Hello and welcome to this quick tip on making shadeless materials for Cycles in Blender!
In this quick tip by Jonathan Williamson we show you how to create materials for Cycles in Blender that are completely shadeless; e.g. they do not receive shadowing or highlights. Shadeless materials are very useful for rendering a scene with a background image or any other numerous uses.
What you’ll learn:
Through this short video tutorial you will learn how to setup shadeless materials in Cycles by using an emit shader and light paths. You will see a quick demonstration of what light paths do and even get a small tease of what our Eat Sheep project looks like at the time of this recording!












Nice… This should come in handy with all the other Cycles tutorials you’re doing. Thanks for taking the time to do Cycles Tutorials — makes the price of CGCookie well worth it!
Keep up the excellent work, Jonathan! We’re all cheering for you!
I’d really like to see a quick tip on ambient occlusion in Cycles… ;D
Ambiant occlusion is an artificial trick in old blender internal render engine to mimick what modern ray tracing engines naturally do when implementing Global Illumination algorithms.
So you’ll have this natively in Cycles. Just try the following: light a cube laying on a plane with an area light, or a sun lamp. Do not use unrealistic point lights or spot lights. Then you’ll get “natural” ambiant occlusion.
Just so people know, AO is in trunk for Cycles. It is a separate pass.
You can bake the ambient occlusion in BI and then use it as a texture in Cycles.
Your interface theme is desirable.
I am sorry, but the theme is ugly!!!
This is exactly what I was looking for. Thanks!
Good. If you don’t want this material cast shadows you can mix it with a transparent shader and “Is shadow ray” as factor.
Thanks for the tip Jonathan. I figured out I should use an emission plane, but I didn’t take into account the fact that it would actually light other objects in the scene.
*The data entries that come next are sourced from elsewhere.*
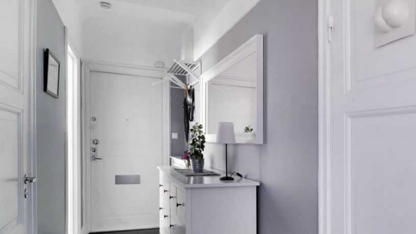 Принципы минимализма хороши для небольшого прохода. Выбирайте для отделки стен базовые оттенки, без узоров и фактур. Декор используйте по минимуму; шкафы старайтесь выбирать встроенные, чтобы не резать пространство.
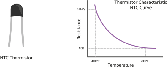 DHT11에는 온도를 측정하기 위한 NTC/서미스터도 포함되어 있습니다. 서미스터는 온도에 따라 저항이 크게 변하는 열 저항기입니다. "NTC"라는 용어는 "음의 온도 계수"를 의미하며 온도가 증가함에 따라 저항이 감소한다는 의미입니다.
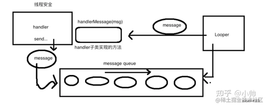 从消息的发送到消息的处理,经历了Handler-->MessageQueue-->Looper->Handler
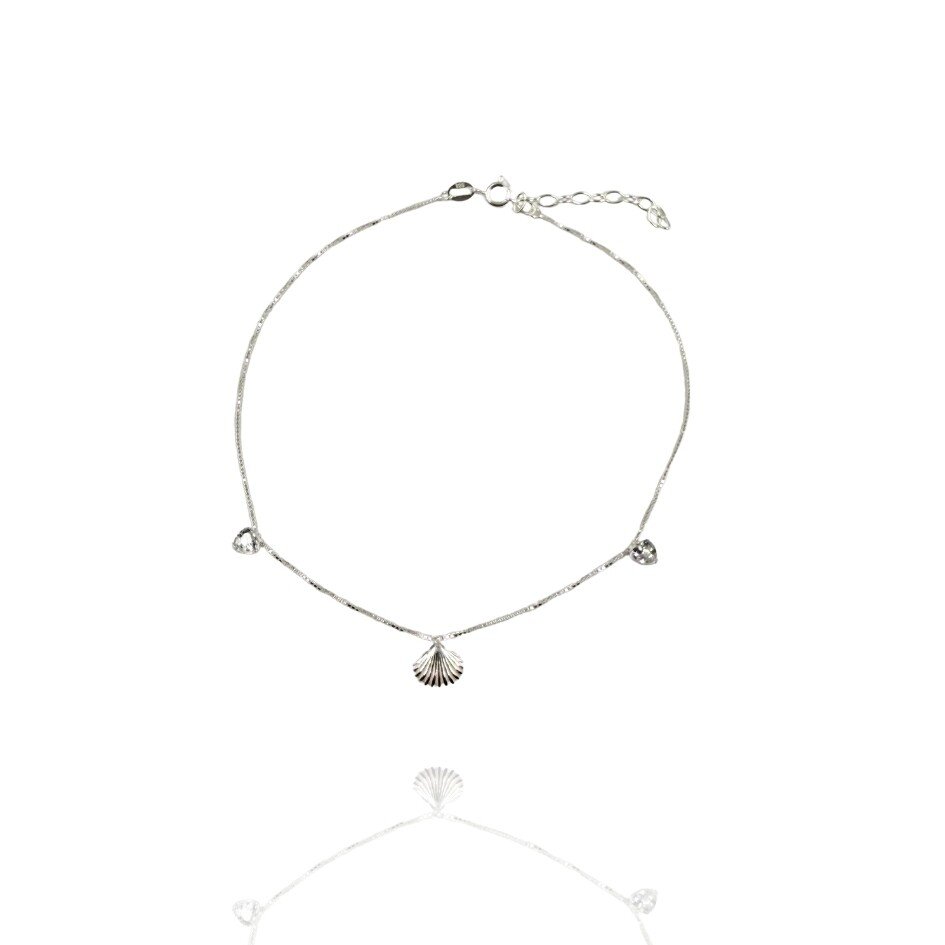 Tornozeleira com pingentes concha e zircônias. Obs.: Tornozeleira de Tornozeleira de Tornozeleira em prata 925 e de tamanho ajustável.

with this method, other objects which has shaders such as glossy, will see our plane as black. to solve this problem i found that instead of directly using camera ray as our mix shader factor, we can merge camera and glossy rays with a color mix node using add with 1 factor and use it as mix shader’s factor.
Jonathan-
Thanks for delving into light paths. Up until now, they have really thrown me for a loop.
Cycles is still so young, and learning how to make it work the way we all want it to is going to take time (and will be a blast in the process.) I think users need a cycles materials database (hint hint!), that shows off all these methods.
After watching how simple it was to use light paths, I played around a bit. -http://www.pasteall.org/pic/28136. Quickly came up with a method to reflect an object but have the object doing the reflecting become transparent. Use in architectural renders?
So nice to see a new quick tip, it’s been awhile. As others have said, any cycles tips, material node setups are just really welcome and helpful…keep em coming!
this is hokum,
why not just have a shadeless node and have it setup
the lights paths and all that for you etc..
why all the jumping though hoops?
have a shadeless selection on the right side(material section under outliner)
, and when you click it, it adds the nodes for you automatically..
thanks jonathan, killer lesson,
killer modo theme on the interface
2 heheheee.. i was wondering about
that then you mentioned hehehee
Cheers !!
Jonathan,
Did you make that theme? I like the highlighted orange colors!
Jeremy
Sorry, just watched the video. lol
Hi Jonathan,
could you do a quick video explaining how install Modo theme?
File > User Preferences
Themes TAB > Presets > Theme MODO
Yes, you are right…
but Modo Theme is missing in my list of presets.
I’m using Blender 2.62 R44136 Win 32
I have found how install Modo:
1) Go to http://www.pasteall.org/29446/xml and download file
2) Copy file to ….\Blender\2.62\scripts\presets\interface_theme
3) Open Blender and go to User preferences.
4) Select Modo and “Save as Default”
and that’s all
You don’t need to bother with a Mix Shader node, you know. You can just plug “Is Camera Ray” directly into the strength of the Emission node. You even demonstrated this yourself in the video momentarily!
Thanks!
This is a good example as to why using cycles is a nightmare at times. All that understanding to create a simple shadeless material.
Hope they eventually work in a checkbox for the GUI.
Horrid for beginners. This is the type of stuff that makes noobs want to quit. I understand the value of nodes at certain times, but almost everything else should be accessible from the GUI.
Hi.
Hey Dan,
Another tip:
You’ll get a good result when you disable “Diffuse, Glossy and Shadows” in the object panel.
Properties window -> Object ->Ray Visibility
You can apply that emission material and disable all options in this menu but “Camera”.
You get the same result without Light Path or other tricks with nodes.
Hi.
Another tip:
You’ll get a good result when you disable “Diffuse, Glossy and Shadows” in the object panel.
Properties window -> Object ->Ray Visibility
You can apply that emission material and disable all options in this menu but “Camera”.
You get the same result without Light Path or other tricks with nodes.